I've seen a few on here that were sub 9kg, but that's just what I've found. I assume there are many more sub 9kg bikes out there....I'm just curious how people got there.

I suppose i should have made the subject "list of sub 9kg FS 29'ers with build details."

As for budget, I'd say $5-7k range but that is flexible.


----------



## phlegm (Jul 13, 2006)

Thx for the details.

First, I'd like to give props to rockyuphill who has been especially helpful to me in this forum. Suspect he's a fellow Canadian, but nonetheless his knowledge is invaluable.

I wrote that preamble because I suspect he is a Rocky Mountain guy, whereas I'm a Specialized guy, so a bit of a difference there.

I currently ride a 2011 Specialized Epic S-Works, which, IMO is THE standard for XC. I have some minor tweaks to my 29er, but it stands (with pedals) as 9.71kg/21.4 lbs (size Large). I don't readily have the core frame weight available (for 2011-2013), but it is fully carbon, including the rear triangle which is often alloy on other frames.

I have no idea as to availability of the frame itself, but IMO, it would be tough to beat that platform.

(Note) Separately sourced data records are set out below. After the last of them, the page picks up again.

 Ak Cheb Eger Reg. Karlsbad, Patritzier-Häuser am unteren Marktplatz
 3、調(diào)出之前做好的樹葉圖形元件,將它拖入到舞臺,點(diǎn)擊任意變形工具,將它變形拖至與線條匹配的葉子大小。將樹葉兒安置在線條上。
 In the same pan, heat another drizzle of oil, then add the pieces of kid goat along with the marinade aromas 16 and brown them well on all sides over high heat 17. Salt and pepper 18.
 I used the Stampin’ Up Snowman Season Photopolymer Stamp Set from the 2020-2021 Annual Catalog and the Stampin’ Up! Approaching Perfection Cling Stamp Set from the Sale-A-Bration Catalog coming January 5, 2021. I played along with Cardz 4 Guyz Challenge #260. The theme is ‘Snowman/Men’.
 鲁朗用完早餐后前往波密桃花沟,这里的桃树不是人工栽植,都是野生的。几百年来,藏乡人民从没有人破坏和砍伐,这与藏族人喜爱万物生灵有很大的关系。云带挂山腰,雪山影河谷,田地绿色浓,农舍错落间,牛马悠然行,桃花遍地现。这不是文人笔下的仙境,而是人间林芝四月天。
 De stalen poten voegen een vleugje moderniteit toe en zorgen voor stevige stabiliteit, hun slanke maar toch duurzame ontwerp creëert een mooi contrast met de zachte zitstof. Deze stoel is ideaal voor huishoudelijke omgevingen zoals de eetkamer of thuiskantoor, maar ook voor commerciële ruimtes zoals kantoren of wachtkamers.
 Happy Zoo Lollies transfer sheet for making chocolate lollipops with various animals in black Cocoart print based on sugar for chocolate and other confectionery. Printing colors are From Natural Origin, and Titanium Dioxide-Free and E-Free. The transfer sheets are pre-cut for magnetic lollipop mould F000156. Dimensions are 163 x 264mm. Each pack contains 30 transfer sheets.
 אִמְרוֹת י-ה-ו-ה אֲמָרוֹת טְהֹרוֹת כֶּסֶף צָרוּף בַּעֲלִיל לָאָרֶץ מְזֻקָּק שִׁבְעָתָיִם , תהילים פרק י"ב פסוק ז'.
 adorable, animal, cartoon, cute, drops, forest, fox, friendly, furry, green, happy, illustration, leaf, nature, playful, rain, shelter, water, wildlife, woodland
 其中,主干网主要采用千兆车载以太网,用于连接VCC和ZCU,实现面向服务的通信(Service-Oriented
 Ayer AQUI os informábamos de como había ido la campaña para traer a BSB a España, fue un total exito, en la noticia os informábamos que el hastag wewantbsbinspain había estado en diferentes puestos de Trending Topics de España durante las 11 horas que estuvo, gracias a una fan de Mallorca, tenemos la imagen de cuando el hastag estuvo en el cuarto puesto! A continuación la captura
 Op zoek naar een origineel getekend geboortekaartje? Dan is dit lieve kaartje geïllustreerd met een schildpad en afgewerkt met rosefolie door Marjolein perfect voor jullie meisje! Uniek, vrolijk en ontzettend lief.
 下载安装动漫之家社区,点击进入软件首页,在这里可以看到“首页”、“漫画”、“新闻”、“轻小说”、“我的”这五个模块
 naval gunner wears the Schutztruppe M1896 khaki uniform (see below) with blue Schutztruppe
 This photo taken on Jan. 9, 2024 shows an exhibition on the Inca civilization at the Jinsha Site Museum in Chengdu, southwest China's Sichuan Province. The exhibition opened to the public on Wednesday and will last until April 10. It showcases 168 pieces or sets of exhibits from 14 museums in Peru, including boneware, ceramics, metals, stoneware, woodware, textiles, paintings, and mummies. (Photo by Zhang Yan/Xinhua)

That said, the price is ridiculous (new), and I happened to find a mint used version (more like unused) which is what I'd recommend.


----------



## rockyuphill (Nov 28, 2004)

phlegm said:


> First, I'd like to give props to rockyuphill who has been especially helpful to me in this forum. Suspect he's a fellow Canadian, but nonetheless his knowledge is invaluable.
> 
> I wrote that preamble because I suspect he is a Rocky Mountain guy, whereas I'm a Specialized guy, so a bit of a difference there.


Yep, another Canuck and definitely a Rocky rider. And props are good, otherwise I am inclined to lean until I fall over. Thanks.


----------



## Varaxis (Mar 16, 2010)

Trek's Superfly FS SL might take the award for lightest frame.


----------



## krzysiekmz (Nov 10, 2009)

Look beyond Rocky Mountain, Specialized or Trek...plenty of other brands too. 

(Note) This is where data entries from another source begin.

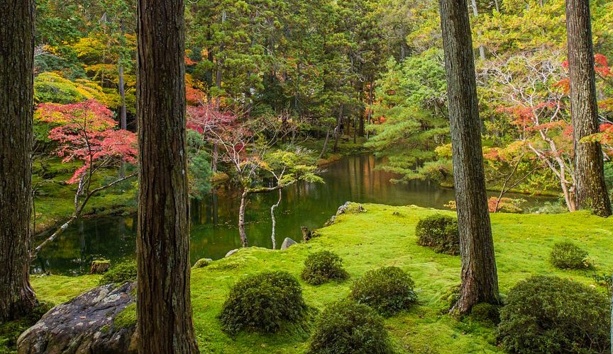 Tempelhagen i Saihōji, Kyoto var Takemitsu spesielt glad i, og mange av komposisjonene hans var inspirert av den strenge estetikken til zen-hager.
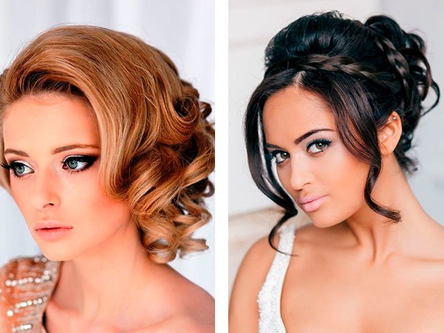 If this is your first time curling your hair, then see the detailed photos. Whatever hairstyle you take, it requires clean and dried hair, then you can start wrapping it from the back of the head, gradually moving to the top of the head. With ready-made large curls, you can do anything. Try to twist the side strands into the flagella, securing with the hairpin with stones on the back of the head or the same flagella, only fasten the tail to the crown. Volumetric tail, free weaving, delicate bunch - consider each of the options that will match your mood and image at the graduation.
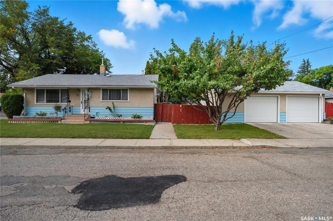 Welcome to 56 Franklin Street, an excellent opportunity to own a charming bungalow located in the mature, family-friendly neighbourhood of Coronation Park, Regina. This well-maintained home offers the classic comfort and convenience of a bungalow, making it perfect for first-time buyers, families, or those looking to downsize. The home features three comfortable bedrooms on the main floor, plus a versatile extra bedroom or den in the basement—ideal for guests, a home office, or a workout space. Enjoy the extra space, privacy, and curb appeal that comes with a fantastic corner lot location. A major highlight is the oversized detached garage—a mechanic's dream or perfect for extra storage—offering plenty of room for vehicles, tools, and hobbies, a true asset in this area! Located in a quiet, established neighbourhood, you'll have easy access to local schools, parks, and essential amenities. This property is a fantastic blend of space, location, and practicality. Don't miss your chance to secure a great home with that sought-after oversized garage! Contact your favourite Realtor � today to book a viewing!
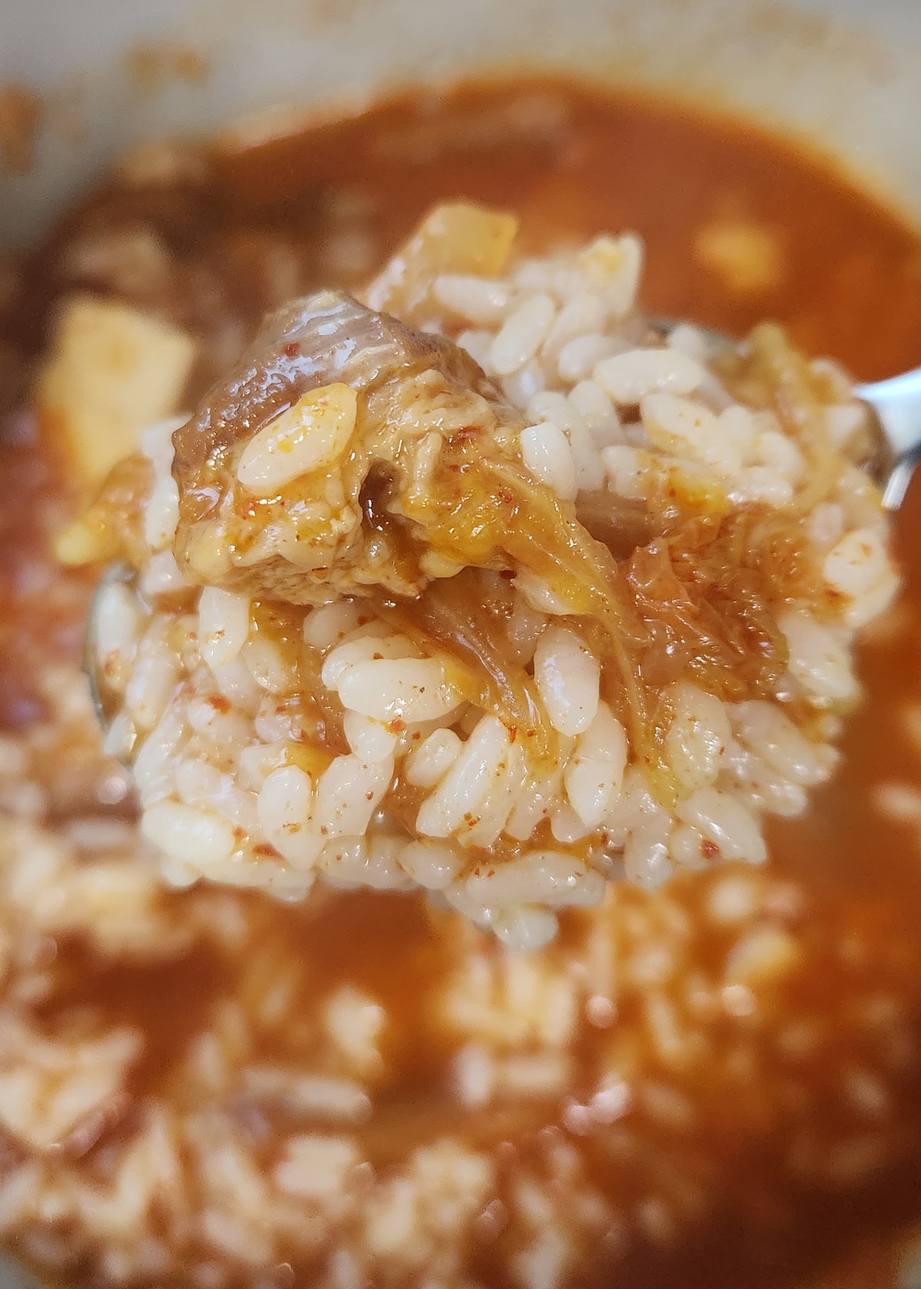 사골농축액 덕분인지 시원하고 잘 익은 김치로 김치찌개를

No, I am not a fan of the above brands. 

Ridable bike is sort of a personal thing. I ride XC on a FS 26'' that weights 15lbs and it never failed me in 3 years. Some would not ride it at all. 

Chris.


----------



## rockyuphill (Nov 28, 2004)

The Scott Spark 900 PR is likely one of the lightest FS frames at 1890gms

SCOTT Frame set Spark 900 PR (HMX) (BB92) - SCOTT Sports


----------



## Varaxis (Mar 16, 2010)

Trek's lightest, fastest 29er ever: the 2013 Superfly SL - YouTube

The Trek MTB Product Manager states 1650g (3.6 lbs) for SF100 SL in this vid.


----------



## The Boz (Sep 28, 2011)

My Niner Jet 9 RDO is built up with XX1, Easton EC90 XC wheels, Sid World cup XX fork, Racing Ralph tires. It is an XL frame and weighs 22.2 pounds. There are lighter frames out there but I wouldn't want to compromise any further on my components to sacrifice daily rideablity.


----------



## vizsladog (Mar 15, 2009)

Varaxis said:


> Trek's Superfly FS SL might take the award for lightest frame.

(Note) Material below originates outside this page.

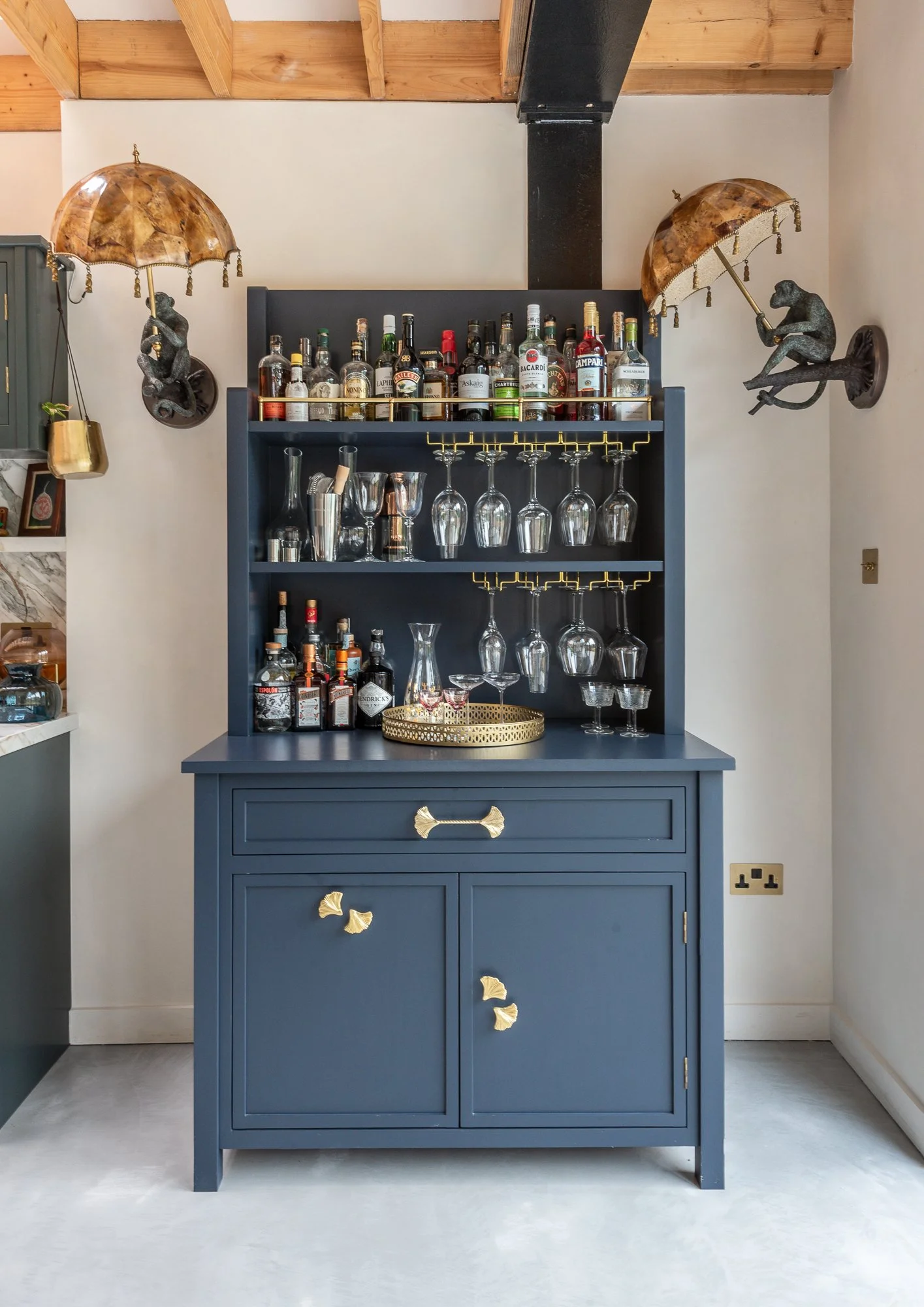 Their solution was to move the utility room into the basement and combine the kitchen and former utility into one open-plan space. “It became an obvious choice once we imagined how we wanted to live and entertain in the future,” she says. “That’s also when we started thinking about including a bar cabinet, we wanted the space to feel like us.”

And the Award for most warrantyed


----------



## NYrr496 (Sep 10, 2008)

I don't really have any business bein' in this conversation because I didn't weigh the bike, but...
I built my wife a 2012 Salsa Spearfish. I used Stan's Crest rims, triple butted DT Swiss spokes, XT cranks, 2x10 drivetrain, Reba Team, Niner RDO stem, Thomson post... 
Bike is WAY lighter than my Stumpjumper.


----------



## cloudbuster (Dec 14, 2011)

Don't know if this is a typo but it say 1200g
Mountain Bike Frame,Carbon Suspension Mountain Bike Frame China Wholesaler


----------



## Shawnskee22 (Mar 25, 2012)

cloudbuster said:


> Don't know if this is a typo but it say 1200g
> Mountain Bike Frame,Carbon Suspension Mountain Bike Frame China Wholesaler


Must be a winner! ...


----------



## pagey (Sep 26, 2006)

cloudbuster said:


> Don't know if this is a typo but it say 1200g
> Mountain Bike Frame,Carbon Suspension Mountain Bike Frame China Wholesaler


I've got this frame and it came in at 1950g


----------



## shupack (Nov 28, 2012)

cloudbuster said:


> Don't know if this is a typo but it say 1200g
> Mountain Bike Frame,Carbon Suspension Mountain Bike Frame China Wholesaler


the 26" frame shows 1800g, likely a typo...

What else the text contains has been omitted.